3

My Unicode-related vocabulary isn't very good, so sorry for the verbose question.

A character like ã can be represented by \u00e3 (Latin small letter a with tilde), or \u0061 (Latin small letter a) in combination with combining diacritical mark \u0303 (combining tilde). Now, in Java, in order to match any Unicode letter, I'd look for [\p{L}], but JavaScript doesn't understand that, so I'll have to look for the individual code points (\unnnn). How can I start with an ã and figure out all the various ways it can be represented in Unicode so I can include them in my regular expression in \unnnn format?

T.J. Crowder
  • 1,031,962
  • 187
  • 1,923
  • 1,875
Christian
  • 6,070
  • 11
  • 53
  • 103
  • Your original question probably fell afoul the *"Questions asking us to recommend or find a book, tool, software library, tutorial or other off-site resource are off-topic for Stack Overflow"* rule. I've edited it to try to implement the second half of that close reason (*"Instead, describe the problem and what has been done so far to solve it."*) as best I can – T.J. Crowder Oct 06 '15 at 13:59
  • You might want to change the focus of the question, though, because I think you're hitting the X/Y problem: You've asked a question about X ("how do I get the list of Unicode ways to represent ã so I can include them in a regex in `\unnnn` form) , but your *real* question is Y ("How do I reliably detect ã in a JS regular expression whether it's written `\u00e3` or `\u0061\u0303`)?" – T.J. Crowder Oct 06 '15 at 14:01
  • Very interesting question. – T.J. Crowder Oct 06 '15 at 14:01
  • 3
    You are asking two questions. One is "How can I do stuff like `\p{L}`; the other is "how do I decompose a Unicode character?" The first question is discussed [here](http://stackoverflow.com/questions/280712/javascript-unicode-regexes); the second [here](http://stackoverflow.com/questions/7772553/javascript-unicode-normalization). – Raymond Chen Oct 06 '15 at 14:02
  • 1
    Thanks. @raymond-chen: I really want to know how to get it decomposed and printed to screen, I guess... Which seems to be the answer to the first question, if I'm not mistaken... – Christian Oct 06 '15 at 14:05
  • Decomposition was your second question. The first was generalized character classes. – Raymond Chen Oct 06 '15 at 14:06

1 Answers1

2

How can I start with an ã and figure out all the various ways it can be represented in Unicode

You're looking for the Unicode Equivalence.

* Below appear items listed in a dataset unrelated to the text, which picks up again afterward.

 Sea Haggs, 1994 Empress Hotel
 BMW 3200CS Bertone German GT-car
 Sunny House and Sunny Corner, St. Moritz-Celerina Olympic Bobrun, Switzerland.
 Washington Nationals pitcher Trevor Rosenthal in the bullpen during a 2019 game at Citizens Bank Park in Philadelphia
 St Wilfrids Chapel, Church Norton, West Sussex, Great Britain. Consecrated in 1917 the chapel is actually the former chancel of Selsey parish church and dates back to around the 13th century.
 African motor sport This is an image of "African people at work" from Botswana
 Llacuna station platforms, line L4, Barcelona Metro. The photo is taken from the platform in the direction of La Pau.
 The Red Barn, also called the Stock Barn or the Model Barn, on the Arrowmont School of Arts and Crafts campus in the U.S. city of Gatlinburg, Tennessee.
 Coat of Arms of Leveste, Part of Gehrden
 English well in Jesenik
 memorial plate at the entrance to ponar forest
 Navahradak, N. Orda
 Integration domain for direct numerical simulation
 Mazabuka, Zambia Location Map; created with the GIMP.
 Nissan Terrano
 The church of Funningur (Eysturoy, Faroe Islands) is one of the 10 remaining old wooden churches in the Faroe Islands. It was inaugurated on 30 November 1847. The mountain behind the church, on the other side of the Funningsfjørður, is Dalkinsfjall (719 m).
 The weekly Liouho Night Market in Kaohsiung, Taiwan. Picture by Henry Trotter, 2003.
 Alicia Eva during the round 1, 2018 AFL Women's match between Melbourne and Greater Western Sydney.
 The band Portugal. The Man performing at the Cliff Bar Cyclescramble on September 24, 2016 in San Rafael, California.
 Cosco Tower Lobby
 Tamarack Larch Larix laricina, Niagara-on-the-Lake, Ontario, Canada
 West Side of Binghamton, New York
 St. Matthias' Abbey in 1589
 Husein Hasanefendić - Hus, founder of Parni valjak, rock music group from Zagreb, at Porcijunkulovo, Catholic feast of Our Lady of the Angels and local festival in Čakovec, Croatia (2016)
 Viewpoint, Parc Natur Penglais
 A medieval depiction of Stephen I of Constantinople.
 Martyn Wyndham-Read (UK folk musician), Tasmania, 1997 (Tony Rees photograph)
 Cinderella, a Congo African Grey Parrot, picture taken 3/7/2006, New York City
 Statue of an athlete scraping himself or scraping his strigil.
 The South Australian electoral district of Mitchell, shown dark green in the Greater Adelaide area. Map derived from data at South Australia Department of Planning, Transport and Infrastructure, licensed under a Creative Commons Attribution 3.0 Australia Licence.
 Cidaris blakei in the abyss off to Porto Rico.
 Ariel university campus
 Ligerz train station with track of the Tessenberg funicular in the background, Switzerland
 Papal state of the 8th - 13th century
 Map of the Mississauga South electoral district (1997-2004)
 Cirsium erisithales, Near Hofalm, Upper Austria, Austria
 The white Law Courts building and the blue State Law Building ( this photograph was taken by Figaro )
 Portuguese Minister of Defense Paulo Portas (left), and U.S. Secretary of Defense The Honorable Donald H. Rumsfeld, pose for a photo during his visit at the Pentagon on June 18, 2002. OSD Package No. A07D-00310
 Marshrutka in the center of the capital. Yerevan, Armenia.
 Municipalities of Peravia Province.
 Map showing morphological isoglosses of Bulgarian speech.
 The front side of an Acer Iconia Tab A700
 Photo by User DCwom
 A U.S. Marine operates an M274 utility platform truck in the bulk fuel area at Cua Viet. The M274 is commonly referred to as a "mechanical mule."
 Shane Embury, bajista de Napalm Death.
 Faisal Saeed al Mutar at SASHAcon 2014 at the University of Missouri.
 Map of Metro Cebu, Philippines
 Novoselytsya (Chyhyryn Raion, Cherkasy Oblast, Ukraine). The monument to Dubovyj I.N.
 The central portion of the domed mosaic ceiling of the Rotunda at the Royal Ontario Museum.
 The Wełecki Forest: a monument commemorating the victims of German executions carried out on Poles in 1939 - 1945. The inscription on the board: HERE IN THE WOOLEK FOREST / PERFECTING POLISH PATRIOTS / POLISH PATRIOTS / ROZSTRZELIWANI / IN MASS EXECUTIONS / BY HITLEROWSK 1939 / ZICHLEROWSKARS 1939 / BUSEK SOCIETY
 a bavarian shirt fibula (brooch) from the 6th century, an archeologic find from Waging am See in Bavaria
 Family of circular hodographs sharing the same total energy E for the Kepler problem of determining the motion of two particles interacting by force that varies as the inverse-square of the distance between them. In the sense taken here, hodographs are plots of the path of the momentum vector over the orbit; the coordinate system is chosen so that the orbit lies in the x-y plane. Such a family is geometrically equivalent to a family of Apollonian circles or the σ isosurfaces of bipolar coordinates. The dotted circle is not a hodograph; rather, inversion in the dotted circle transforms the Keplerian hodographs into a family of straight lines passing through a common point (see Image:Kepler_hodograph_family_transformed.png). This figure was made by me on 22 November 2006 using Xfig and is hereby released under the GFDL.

The 2 forms you mentioned are the composed form, and the decomposed form. To get cannonically equivalent Unicode forms, you could use String.prototype.normalize().

  • Important: Check the link for Browser Compatibility.

str.normalize([form]) accepts the following forms:

  • NFC — Normalization Form Canonical Composition.
  • NFD — Normalization Form Canonical Decomposition.
  • NFKC — Normalization Form Compatibility Composition.
  • NFKD — Normalization Form Compatibility Decomposition.

Code point sequences that are defined as canonically equivalent are assumed to have the same appearance and meaning when printed or displayed.

Sequences that are defined as compatible are assumed to have possibly distinct appearances, but the same meaning in some contexts.

Quote from Wikipedia

-Choose the equivalence form you like.


For example, using the Latin small letter a with tilde in Compatibility Form:

var char = "ã";
var nfkc = char.normalize('NFKC');
var nfkd = char.normalize('NFKD');

// Returns bytes as Unicode escaped sequences
function escapeUnicode(str){
    var i;
    var result = "";
    for( i = 0; i < str.length; ++i){
        var c = str.charCodeAt(i);
        c = c.toString(16).toUpperCase();
        while (c.length < 4) {
            c = "0" + c;
        }
        result += "\\u" + c;
    }
    return result;
}

var char = "ã";
var nfkc = char.normalize('NFKC');
var nfkd = char.normalize('NFKD');

document.write('<br />NFKC: ' + escapeUnicode(nfkc));
document.write('<br />NFKD: ' + escapeUnicode(nfkd));
Mariano
  • 6,423
  • 4
  • 31
  • 47